Important Roles of Tyr43 at the Putative Heme Distal Side in the Oxygen Recognition and Stability of the Fe(II)-O2 Complex of YddV, a Globin-Coupled Heme-Based Oxygen Sensor Diguanylate Cyclase

YddV from Escherichia coli (Ec) is a novel globin-coupled heme-based oxygen sensor protein displaying diguanylate cyclase activity in response to oxygen availability. In this study, we quantified the turnover numbers of the active [Fe(III), 0.066 min(-1); Fe(II)-O-2 and Fe(II)-CO, 0.022 min(-1)] [Fe(III), Fe(III)-protoporphyrin IX complex; Fe(II), Fe(II)-protoporphyrin IX complex] and inactive forms [Fe(II) and Fe(II)-NO, <0.01 min(-1)] of YddV for the first time.
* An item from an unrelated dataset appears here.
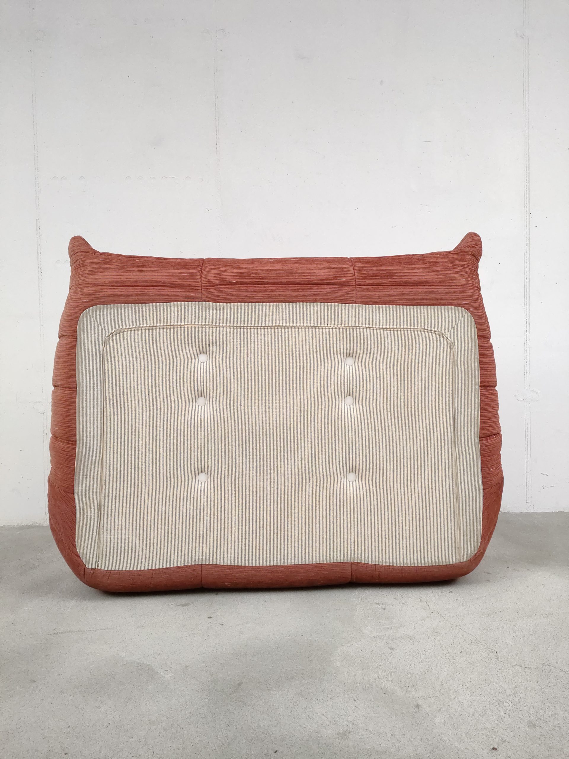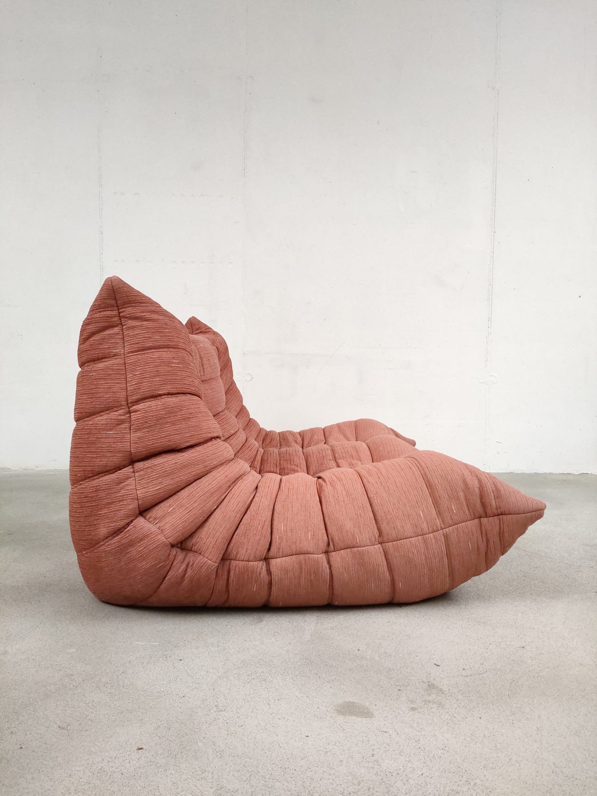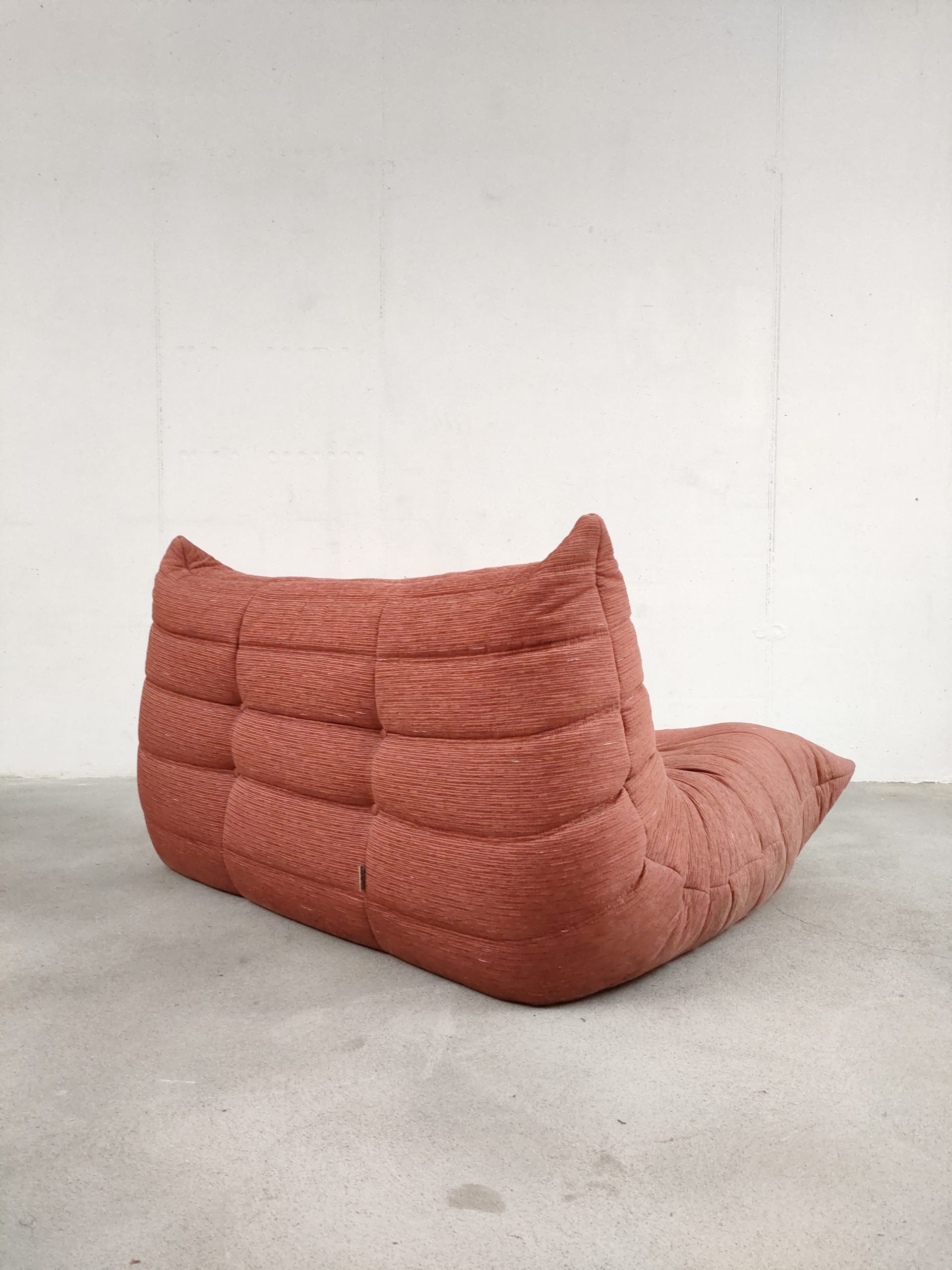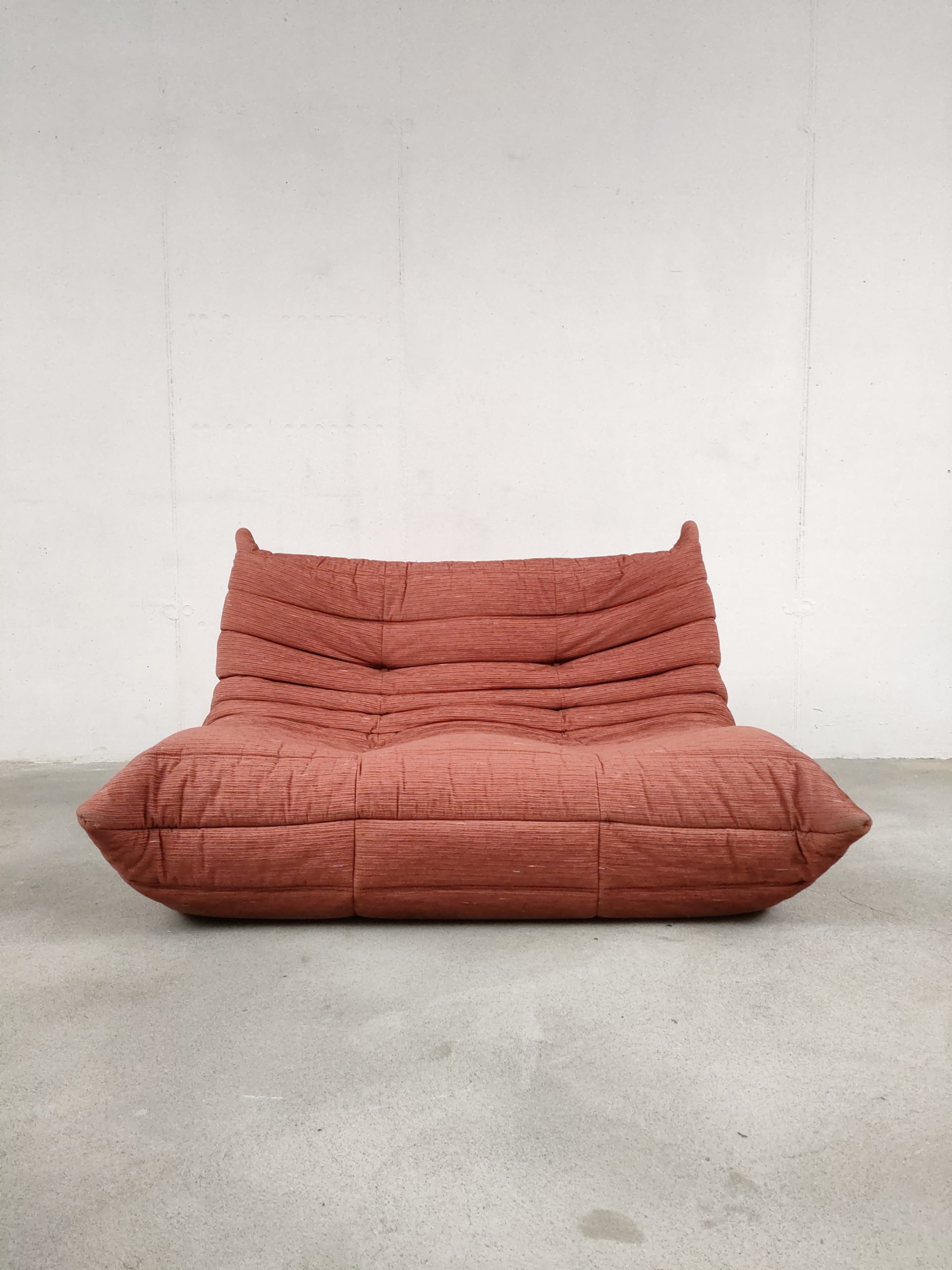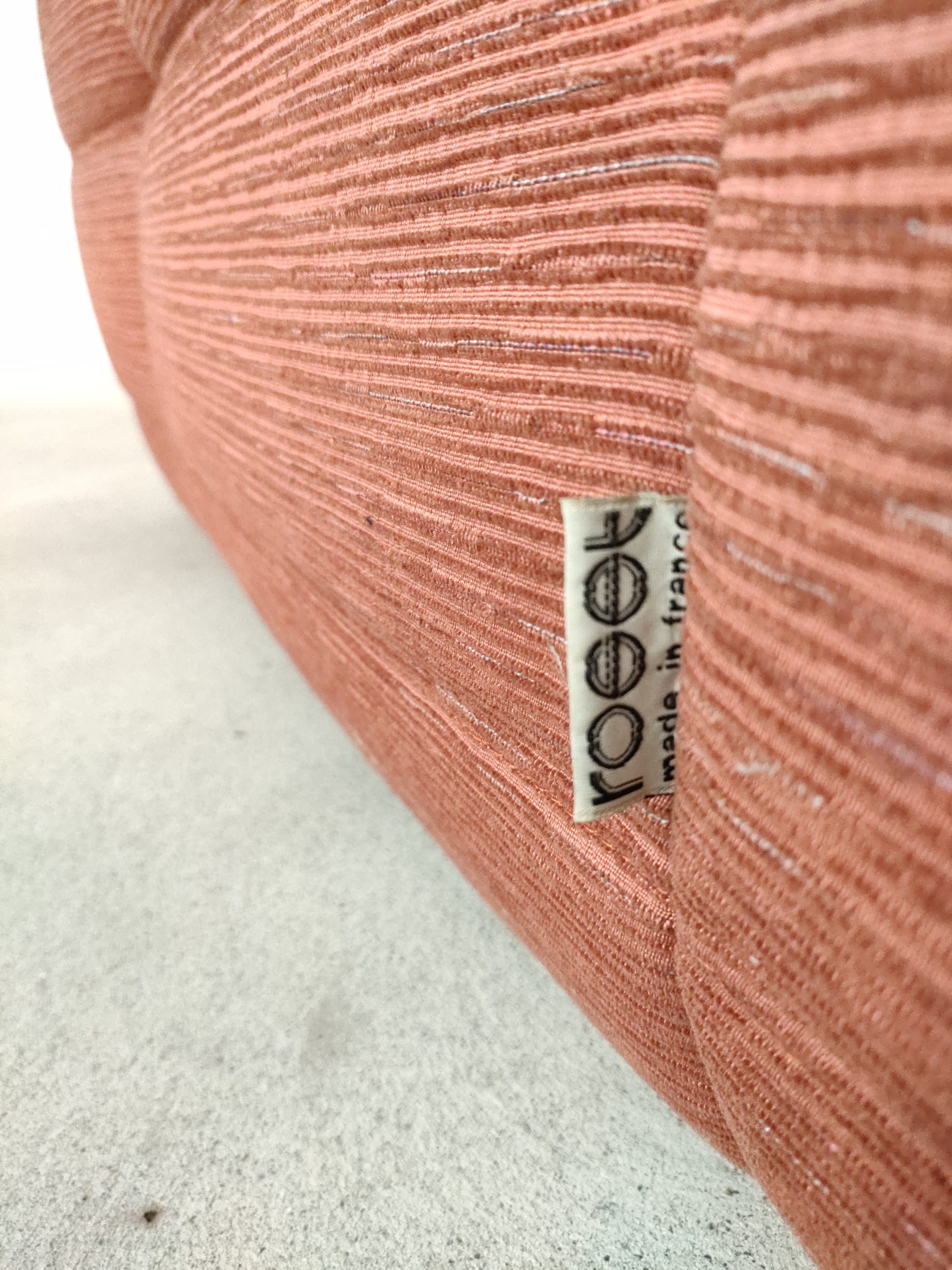Produit venduCanapé 2 places Togo de Michel Ducaroy pour Ligne Roset en tissu de couleur rose. La mousse et le tissu sont en très bon état. Hauteur de l’assise: 32 cm.

Our data indicate that the YddV reaction is the rate-determining step for two consecutive reactions coupled with phosphodiesterase Ec DOS activity on cyclic di-GMP (c-di-GMP) [turnover number of Ec DOS-Fe(II)-O-2, 61 min(-1)]. Thus, O-2 binding and the heme redox switch of YddV appear to be critical factors in the regulation of c-di-GMP homeostasis. The redox potential and autoxidation rate of heme of the isolated heme domain of YddV (YddV-heme) were determined to be -17 mV versus the standard hydrogen electrode and 0.0076 min(-1), respectively. The Fe(II) complexes of Y43A and Y43L mutant proteins (residues at the heme distal side of the isolated heme-bound globin domain of YddV) exhibited very low O-2 affinities, and thus, their Fe(II)-O-2 complexes were not detected on the spectra. The O-2 dissociation rate constant of the Y43W protein was > 150 s(-1), which is significantly larger than that of the wildtype protein (22 s(-1)). The autoxidation rate constants of the Y43F and Y43W mutant proteins were 0.069 and 0.12 min(-1), respectively, which are also markedly higher than that of the wild-type protein. The resonance Raman frequencies representing nu(Fe)_(O2) (559 cm(-1)) of the Fe(II)-O-2 complex and nu(Fe-CO) (505 cm(-1)) of the Fe(II)-CO complex of Y43F differed from those (nu(Fe-O2), 565 cm(-1); nu(Fe-CO), 495 cm(-1)) of the wild-type protein, suggesting that Tyr43 forms hydrogen bonds with both O-2 and CO molecules. On the basis of the results, we suggest that Tyr43 located at the heme distal side is important for the O-2 recognition and stability of the Fe(II)-O-2 complex, because the hydroxyl group of the residue appears to interact electrostatically with the O-2 molecule bound to the Fe(II) complex in YddV. Our findings clearly support a role of Tyr in oxygen sensing, and thus modulation of overall conversion from GTP to pGpG via c-di-GMP catalyzed by YddV and Ec DOS, which may be applicable to other globin-coupled oxygen sensor enzymes.